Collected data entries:
────────────────────
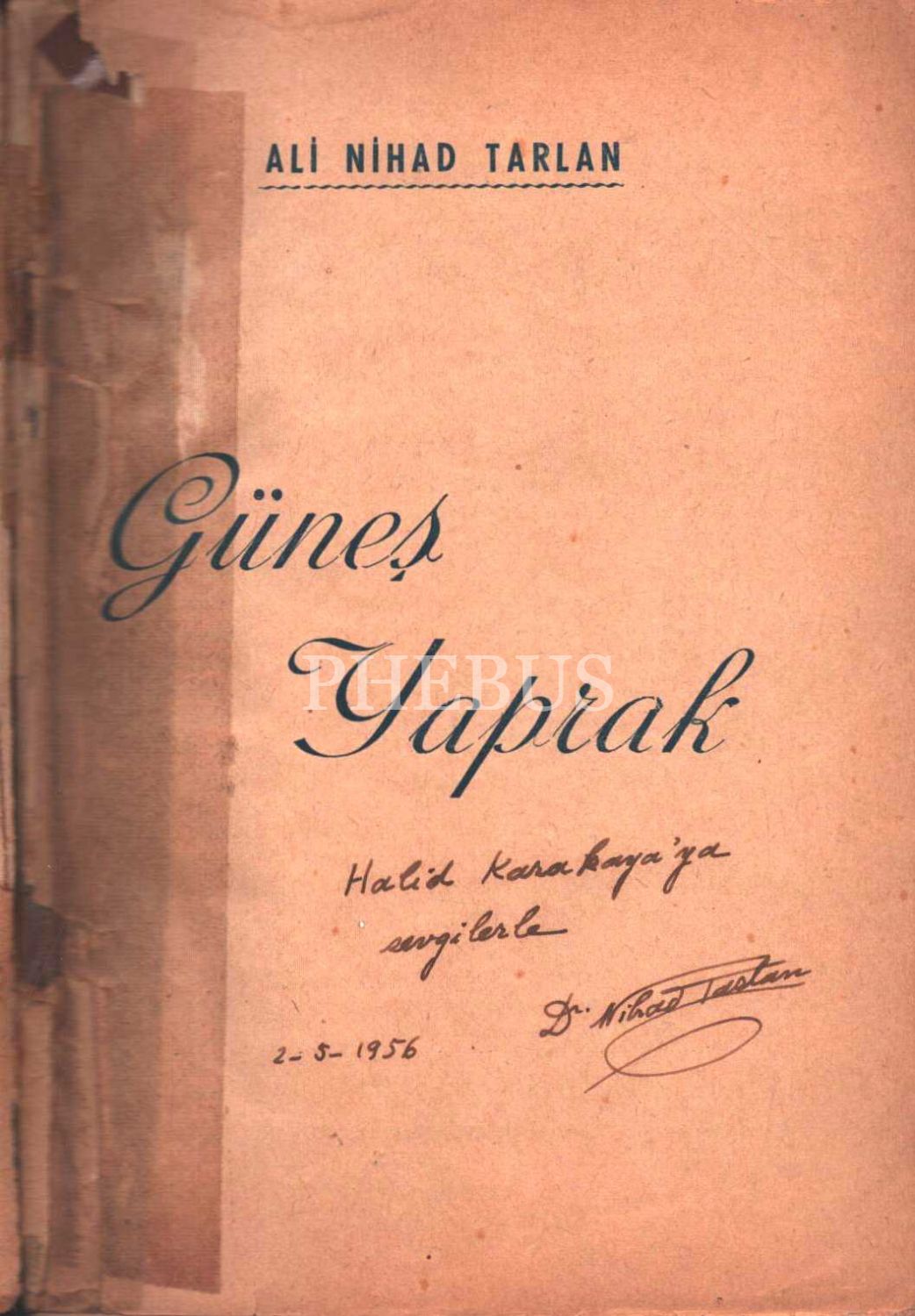 GÜNEŞ YAPRAK, Ali Nihad Tarlan, 1953, Anıl Matbaası, 132 sayfa, 14x20 cm, İTHAFLI VE İMZALI...
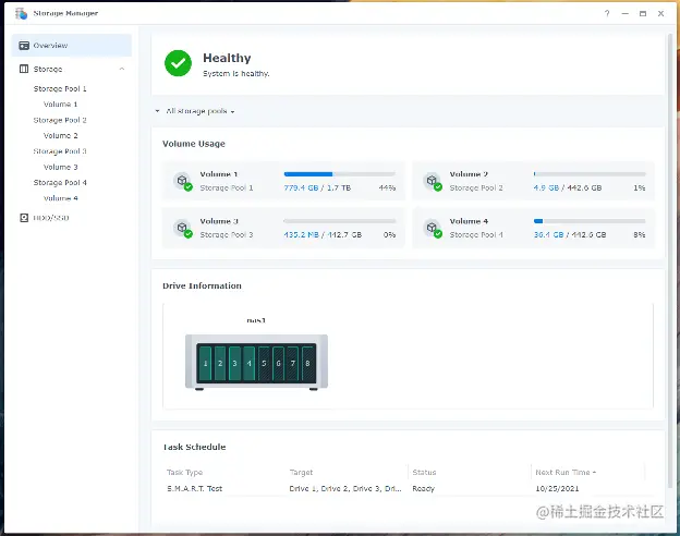 - 显示存储池、卷和SSD缓存之间的可视化关系。
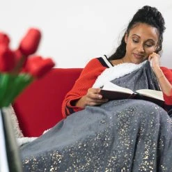 Was gibt es in der kalten Jahreszeit Besseres, als sich nach einem langen Arbeitstag mit einer Tasse Tee oder einer heißen Schokolade auf der Couch einzukuscheln? Die flauschige Wohndecke in Grau mit dekorativen goldenen Prints ist da genau das richtige Accessoire. Mit ihrer Unterseite in weißer Lammfelloptik spendet sie angenehme Wärme und sorgt für behagliche Gemütlichkeit. Auch für laue Sommerabende auf der Terrasse oder gemeinsame Abende unter dem Sternenhimmel ist die Flauschdecke ideal.
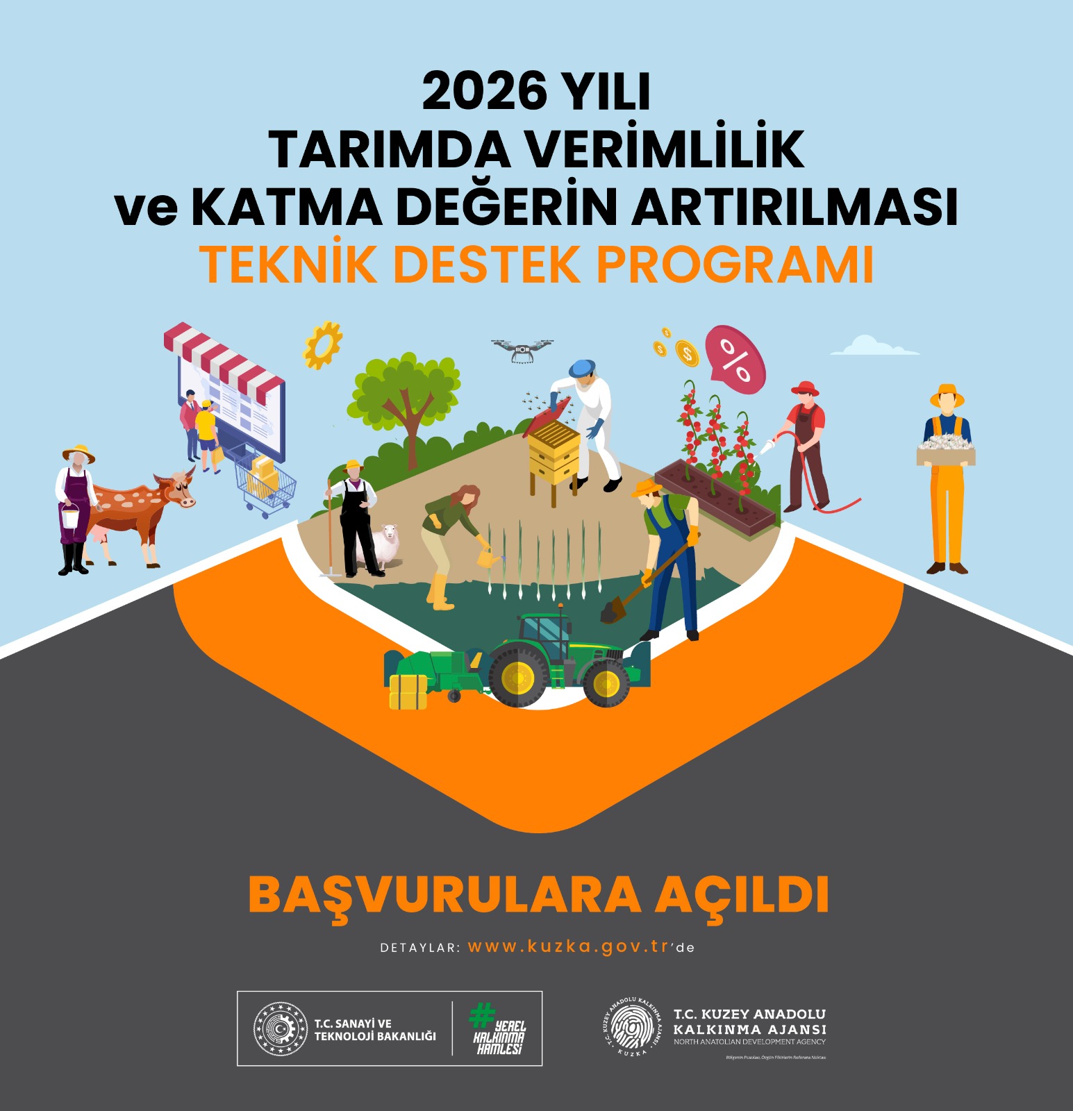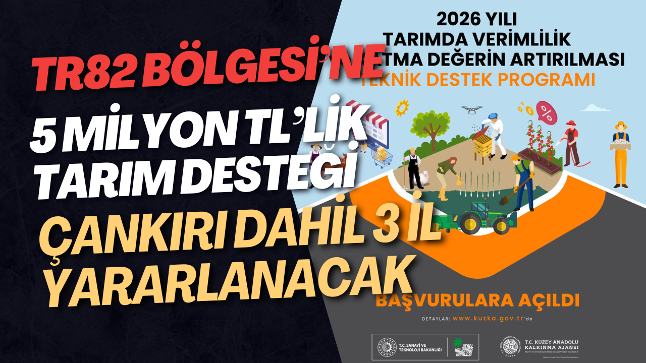 Kuzey Anadolu Kalkınma Ajansı (KUZKA) tarafından hazırlanan “2026 Yılı Tarımda Verimlilik ve Katma Değerin Artırılması Teknik Destek Programı” başvuruya açıldı. Sanayi ve Teknoloji Bakanlığı koordinasyonunda yürütülen program kapsamında, Çankırı’nın da yer aldığı TR82 Bölgesi’nde tarımsal üretimin güçlendirilmesi ve yerel ürünlerin ekonomik değerinin artırılması hedefleniyor.
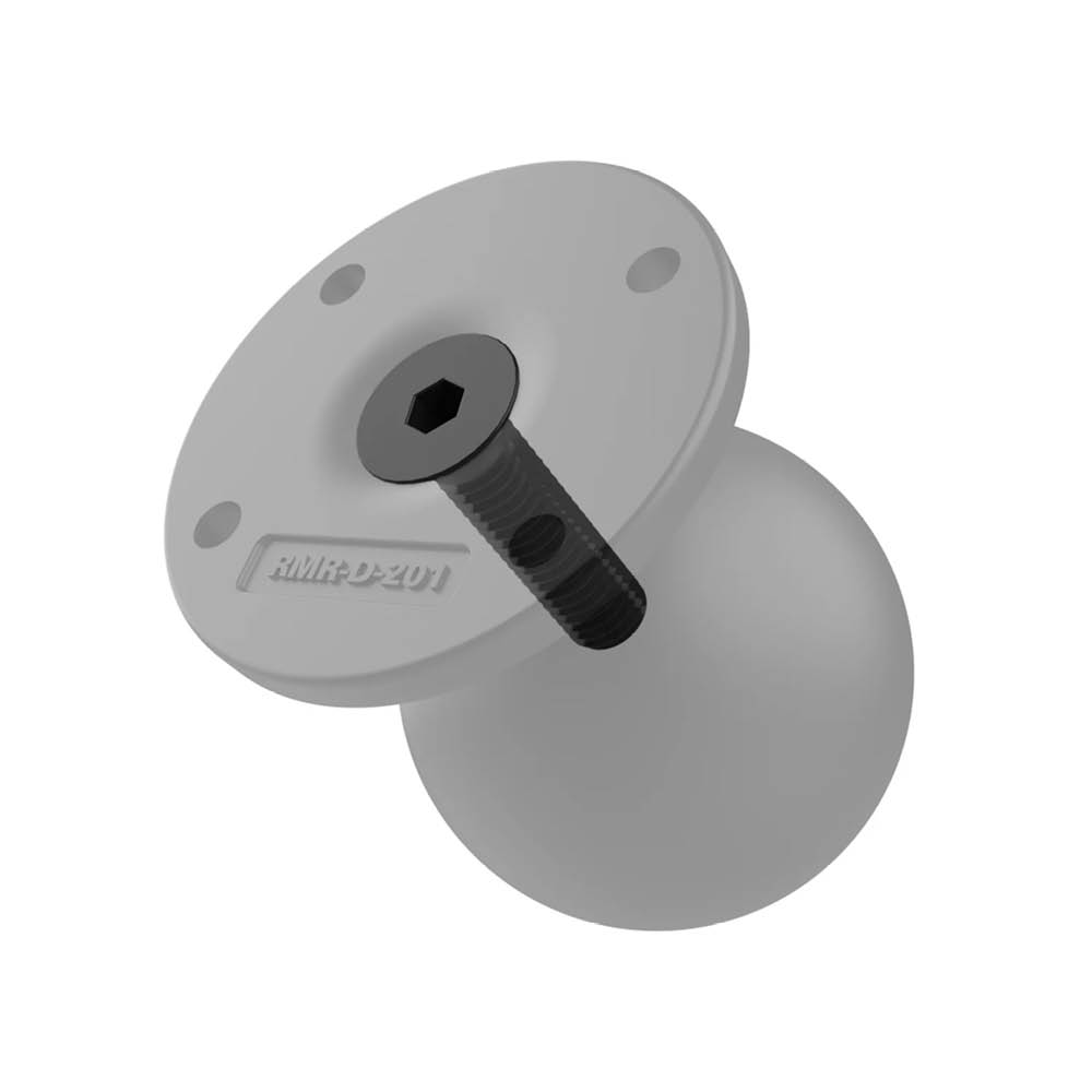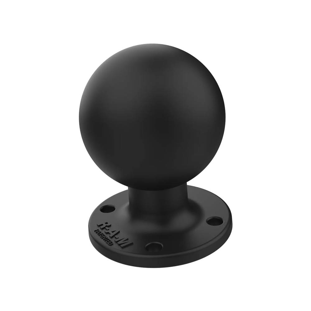 Die runde RAM Mounts Basisplatte verfügt über eine D-Kugel (2,25 Zoll), die in senkrechter Ausrichtung zur Basis mit 63,5 mm Durchmesser steht. Dabei ist das Mittelstück für zusätzliche Stabilität stahlverstärkt.
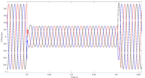 A three-phase symmetrical short-circuit fault occurs at the 35-kV bus of the far end of the WT, where the short-circuit resistance is 10 Ω. Figure 10 shows the voltage drop waveform of the 35-kV bus.
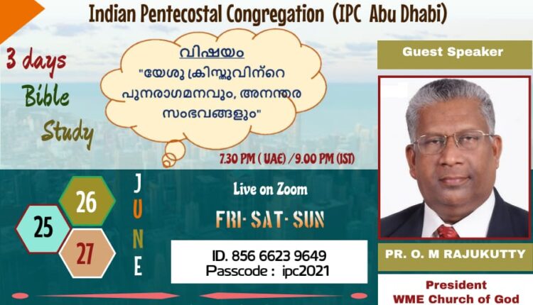 അബുദാബി: ഇന്ത്യ പെന്തെക്കോസ്ത് ദൈവസഭ (ഐ.പി.സി) അബുദാബി സഭയുടെ ആഭിമുഖ്യത്തിൽ മൂന്ന് ദിവസത്തെ ബൈബിൾ ക്ലാസ്സുകൾ ജൂൺ 25 മുതൽ 27 വരെ (വെള്ളി, ശനി, ഞായർ) ദിവസങ്ങളിൽ വൈകിട്ട് 7.30 മുതൽ 9.30 നടക്കും.
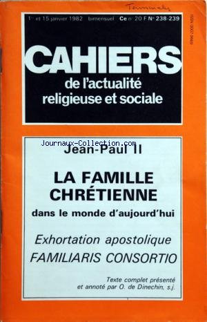 CAHIERS DE L'ACTUALITE RELIGIEUSE ET SOCIALE du 01/01/1982 - JEAN-PAUL II / LA FAMILLE CHRETIENNE DANS LE MONDE D'AUJOURD'HUI - EXHORTATION APOSTOLIQUE FAMILIARIS CONSORTIO / TEXTE COMPLET PRESENTE ET ANNOTE PAR DE DINECHIN PDF Kindle
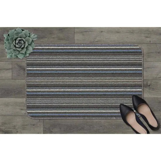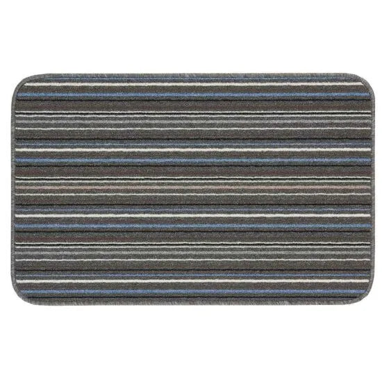 Striped Launderable Mat Lead/Light Blue
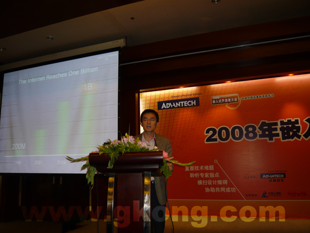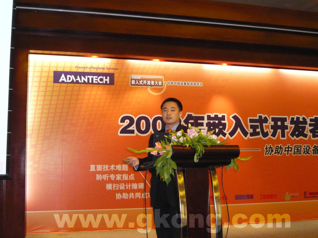 研華中國嵌入式事業群總監業務總監胡智生先生開場演講,向參加大會的來賓對研華07年的銷售業績、產品與服務、產品發到、以及研華在中國布局作了介紹。胡總監表示,研華定位網絡平台(ePlatform)供應商,將一如既往地從“產品”為導向轉向“服務”為導向的經營理念,為服務好客戶,研華將進一步把Advantech打造成一個值得客戶信賴的品牌,Trusted ePlatform Services是研華不斷追求的。
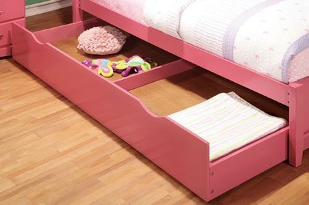 Vivid color styles perfectly complimented with detailed craftsmanship wood details. This trundle is available in an array of colors and will fit easily under the matching full or twin size bed.
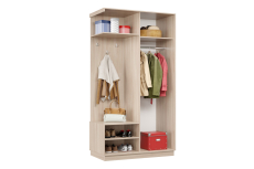 В комплекте 3 крючка для одежды. Используется штанга для одежды. Максимальная нагрузка до 12 кг. Задняя стенка - ДВП белая облагороженная.
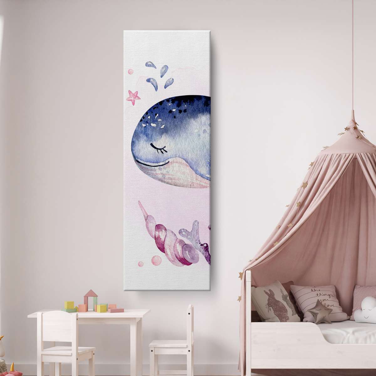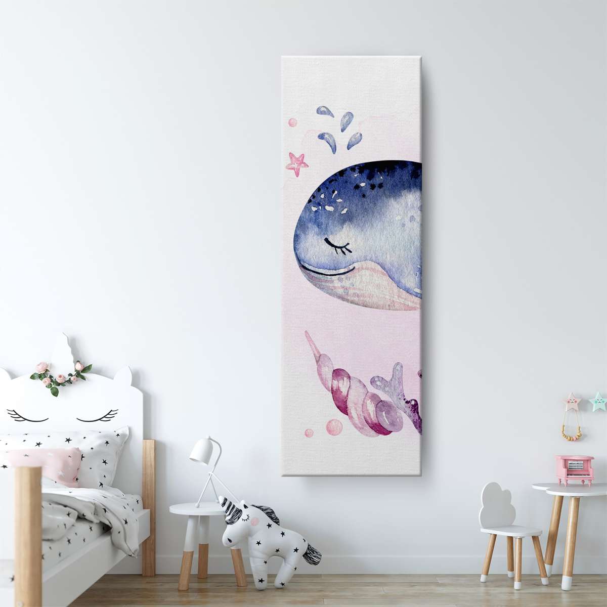 Velryba s korály - akvarel
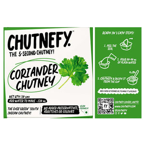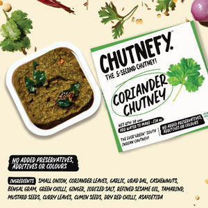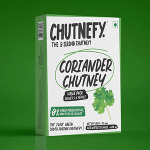 One amongst the Chutney trinity and part of our Staples Range, the Chutnefy Coriander Chutney brings to you that classic flavour that goes perfectly with your crisp Dosai & Vadai & Adai, or a soft and fluffy idli - actually, with anything you'd like a mild and flavourful accompaniment for!
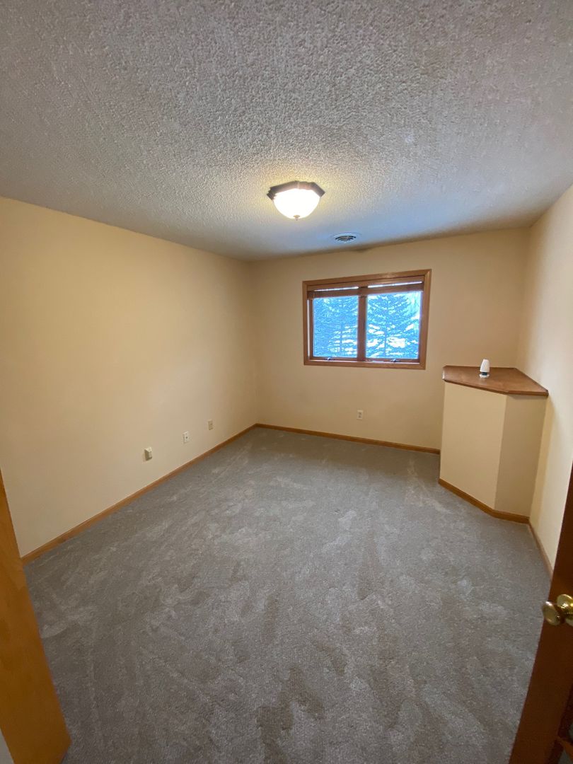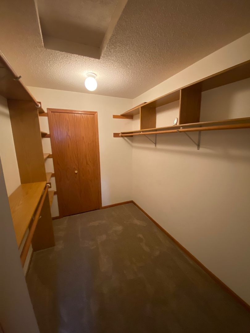 Top floor corner condo (2nd floor) in small building available March 1 in Inver Grove Heights. Open floor plan with carpeted flooring throughout. The kitchen has black appliances, and there's a small breakfast bar. The first bedroom has French doors and is across from the full bathroom in the hallway. The primary bedroom has it's own 3/4 bathroom and a large walk-in closet. Both bathrooms have updates including granite topped vanities. This unit also has it's own washer/dryer, fireplace and a large balcony. There's a single stall garage with power included in rent.
────────────────────
What the task requires:
Without the pictures, repeat the entries above line by line, from the first through the one that contains "- 显示存储池、卷和SSD缓存之间的可视化关系。", both ends included.

Solution to the exercise:
 GÜNEŞ YAPRAK, Ali Nihad Tarlan, 1953, Anıl Matbaası, 132 sayfa, 14x20 cm, İTHAFLI VE İMZALI...
 - 显示存储池、卷和SSD缓存之间的可视化关系。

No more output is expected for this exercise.